What to do:
Exactly as written, please set down all of the entries again, with no pictures.

Extracted records:
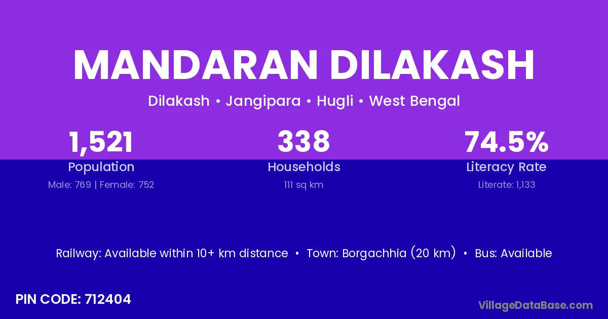 Mandaran Dilakash village is located in the Jangipara Subdivision of the Hugli district in West Bengal .
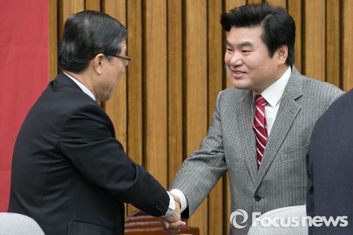 (서울=포커스뉴스) 원유철(오른쪽) 새누리당 원내대표와 황진하 사무총장이 26일 오전 서울 여의도 국회에서 열린 원내대책회의에 참석해 악수하고 있다.
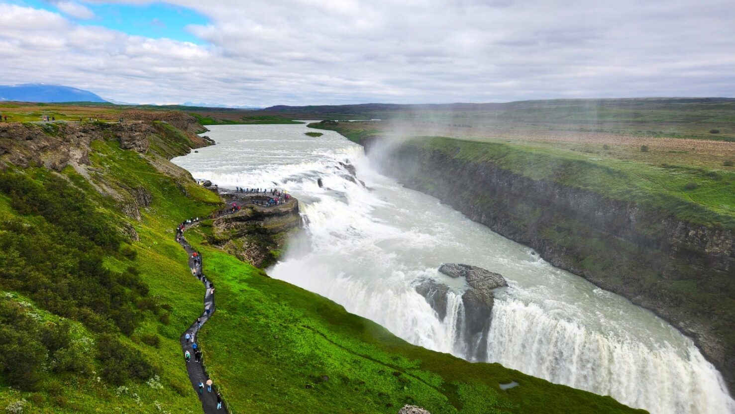 We departed Geysir Geothermal Area and arrived at Gullfoss Waterfalls about 10 minutes later. Gullfoss translates to “Golden Falls”. The distinctive two-tiered drop totaling about 105 feet makes Gullfoss dramatic and powerful as the waters of the Hvita River cascade into the deep canyon. The Hvita River originates from the Langjökull glacier, about 23 miles away, the 2nd largest glacier in Iceland. This incredible display of nature’s power is not to be missed.
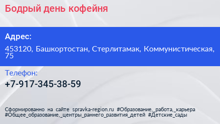 Бодрый день, кофейня по адресу 453120, Башкортостан, Стерлитамак, Коммунистическая, 75 в дальнейшем Организация, размещена в следующих категориях:
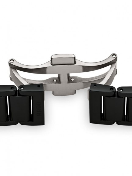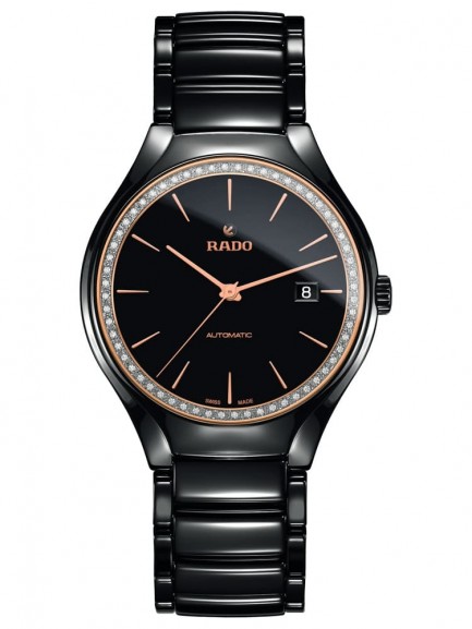 Add a touch of sophistication to your outfit with this black mens timepiece from Rado. The round dial consists of slim rose-tone hands and hour markers along with a subtle date window, powered by the automatic movement, and surrounded by a diamond-embedded bezel. Fastens securely using a scratch-resistant ceramic bracelet.

Answer to the exercise:
 Mandaran Dilakash village is located in the Jangipara Subdivision of the Hugli district in West Bengal .
 (서울=포커스뉴스) 원유철(오른쪽) 새누리당 원내대표와 황진하 사무총장이 26일 오전 서울 여의도 국회에서 열린 원내대책회의에 참석해 악수하고 있다.
 We departed Geysir Geothermal Area and arrived at Gullfoss Waterfalls about 10 minutes later. Gullfoss translates to “Golden Falls”. The distinctive two-tiered drop totaling about 105 feet makes Gullfoss dramatic and powerful as the waters of the Hvita River cascade into the deep canyon. The Hvita River originates from the Langjökull glacier, about 23 miles away, the 2nd largest glacier in Iceland. This incredible display of nature’s power is not to be missed.
 Бодрый день, кофейня по адресу 453120, Башкортостан, Стерлитамак, Коммунистическая, 75 в дальнейшем Организация, размещена в следующих категориях:
 Add a touch of sophistication to your outfit with this black mens timepiece from Rado. The round dial consists of slim rose-tone hands and hour markers along with a subtle date window, powered by the automatic movement, and surrounded by a diamond-embedded bezel. Fastens securely using a scratch-resistant ceramic bracelet.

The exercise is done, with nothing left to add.